Ähnlich argumentierte der Franzose Jean-Luc Schaffhauser vom rechtsex­tremen Front National (FN). »Der Bericht ist eine Farce«, echauffierte sich Schaffhauser im Parlament. Der Franzose, der als Mittelsmann des FN für einen Kredit in Höhe von neun Millionen Euro aus Töpfen der Russischen Föderation fungiert haben soll, setzt sich aktiv für eine Annäherung Europas an Russland ein. Die russische Berichterstattung stütze sich auf »Fakten unserer Außenpolitik«, erklärte er seinen Kollegen in Straßburg. Demgegenüber stelle das Parlament »die lügnerische europäische Propaganda als wahr« dar.
In der dennoch von einer Mehrheit getragenen Resolution fordert das Parlament, die Zahl der Mitglieder der winzigen East Stratcom Task Force zu erhöhen, ihr ein eigenes Budget zukommen zu lassen sowie den auf die EU und sechs frühere Sowjetrepubliken beschränkten Arbeitsbereich zu erweitern.
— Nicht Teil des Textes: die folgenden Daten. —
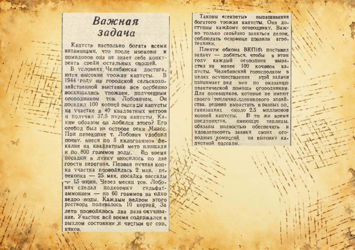 Капуста настолько богата всеми витаминами, что после моркови и помидоров она не знает себе конкурента среди остальных овощей. В условиях Челябинска достигаются высокие урожаи капусты. В 1944 году на городской сельскохозяйственной выставке все особенно восхищались урожаем, полученным огородником тов. Лобовичем. Он посадил 100 корней рассады капусты на участке в 40 квадратных метров и получил 37,5 пудов капусты. Каким образом он добился этого? Его огород был на острове реки Миасс. При перекопке т. Лобович удобрил почву, внеся по 5 килограммов фекалия на квадратный метр площади и по 800 граммов золы. Во время посадки в лунку вносилось по две горсти перегноя. Первая ручная копка участка проводилась 2 мая, перекопка — 25 мая, посадка рассады — 15 июня. Через месяц тов. Лобович сделал подкормку сульфат-аммонием — по 60 граммов на одно ведро воды. Каждым ведром этого раствора поливалось 10 корней. За лето проводилось два раза окучивание. Участок все время содержался в рыхлом состоянии и чисты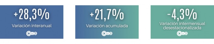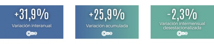 Las ventas crecieron un 23% interanual, acumulando un incremento del 21,4%. Aunque, en el intermensual se midió una caída del 5,4%, la más pronunciada dentro del mes. En este ramo, la base de comparación es Febrero de 2024, cuando las ventas habían retrocedido 21,4%, con un acumulado negativo del 21,1%.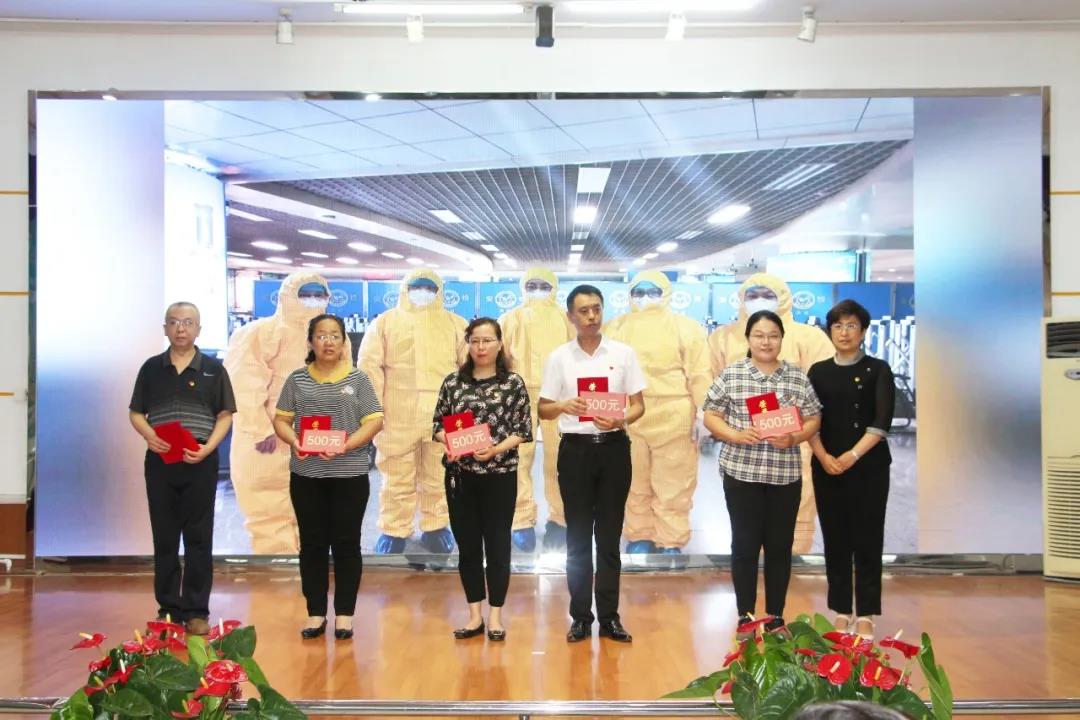 黨委委員、副院長(zhǎng)鄒晨容為優(yōu)秀共產(chǎn)黨員蔡兵、周志慧、杜玉娟、張潔、厲軍頒獎(jiǎng)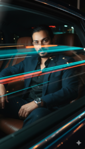 Create a stylish night city lifestyle portrait of an adult man sitting in the back seat of a car, relaxed posture with one arm resting on the door, wearing a dark blazer over a black shirt, tailored trousers, luxury watch visible, composed expression, city lights streaking through the window, reflections on glass, premium cinematic lifestyle shot. Use aspect ratio 4:5. use my uploaded photo for reference.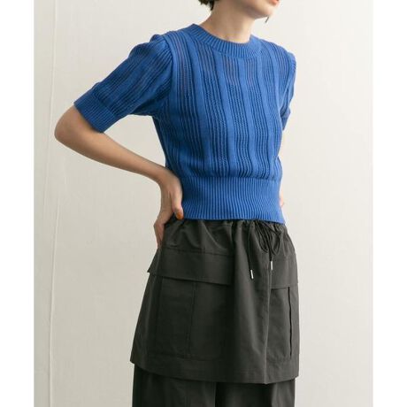 透かし編みで太ストライプ仕様が特徴的なサマーニット。コンパクトなサイズ感なので自然とスタイルアップが叶います。メイン使いはもちろん、サロペットのインナーにも活躍します。顔周りが華やかになる2色をご用意しました。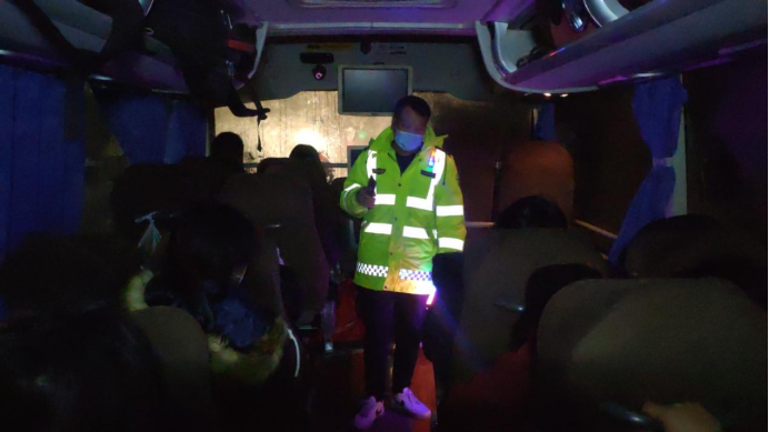 (巡查人員在轉(zhuǎn)運(yùn)車(chē)上清點(diǎn)人數(shù)。)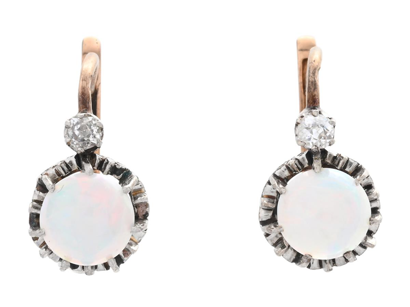 ÖRHÄNGEN, 18K guld/platina, cabochonslipade opaler, antikslipade diamanter, höjd 1,5 cm, vikt ca 3,5 g, diamanterna har nagg, en opal med sprickbildning, missfärgning på guldet.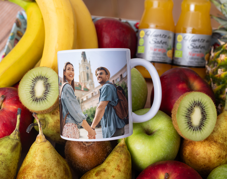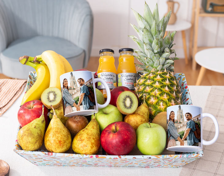 Si buscas un regalo único, la cesta de fruta con tazas personalizadas es la opción ganadora. En una cesta de deliciosa fruta fresca se incluyen dos zumos ecológicos y dos tazas personalizadas. Puedes poner la foto o el texto que quieras. ¿Te imaginas la sorpresa que supondrá abrir la puerta y recibir esta cesta de fruta gigante? ¡Seguro que se queda sin palabras! Nuestro equipo selecciona en mercados de proximidad las mejores piezas, para que la persona que reciba este regalo se sienta tan especial como merece.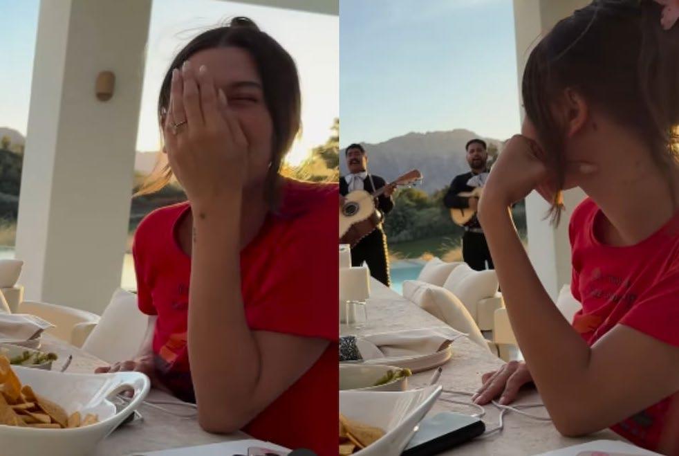 ver a Hailey sentada en un jardín decorado con flores, cuando aparece un grupo de mariachis interpretando “Cielito lindo”.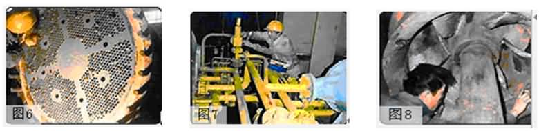 图6: 冷凝器端板腐蚀修复:由于水垢造成大面积锈蚀、堵塞、破损。图为使用耐腐蚀涂层对其工作表面刷涂,制作保护层。胀管处出现腐蚀,结果导致内漏,连接处由于铜管与管板为不同材料的金属,产生电化学腐蚀需要修复。采用高效清洗剂+耐腐蚀涂层完全根治了泄漏,用高效清洗剂去除污物,耐磨胶粘剂与金属高粘接强度防止腐蚀的进一步恶化,并完全杜绝了腐蚀的再次发生。

»Neben der Enthüllung von Falsch­informationen sollte die Spezialeinheit vor allem ein Netzwerk schaffen, in dem alle Mitgliedstaaten zusammenarbeiten«, forderte Anna Fotyga. Doch die Mitgliedsstaaten  weigerten sich, dem Wunsch des Parlaments nachzukommen und entschieden sich dagegen, die Task Force auszubauen.
Die Tschechische Republik beschloss indessen, auf nationaler Ebene zu reagieren. Seit dem ersten Januar gibt es im Prager Innenministerium eine Antidesinformationseinheit, die Falschinformationen aufspüren und ihnen die Sicht der Regierung gegenüberstellen soll. Mit 20 Spezialisten zählt sie immerhin fast doppelt so viele Mitarbeiter wie die Task Force der EU.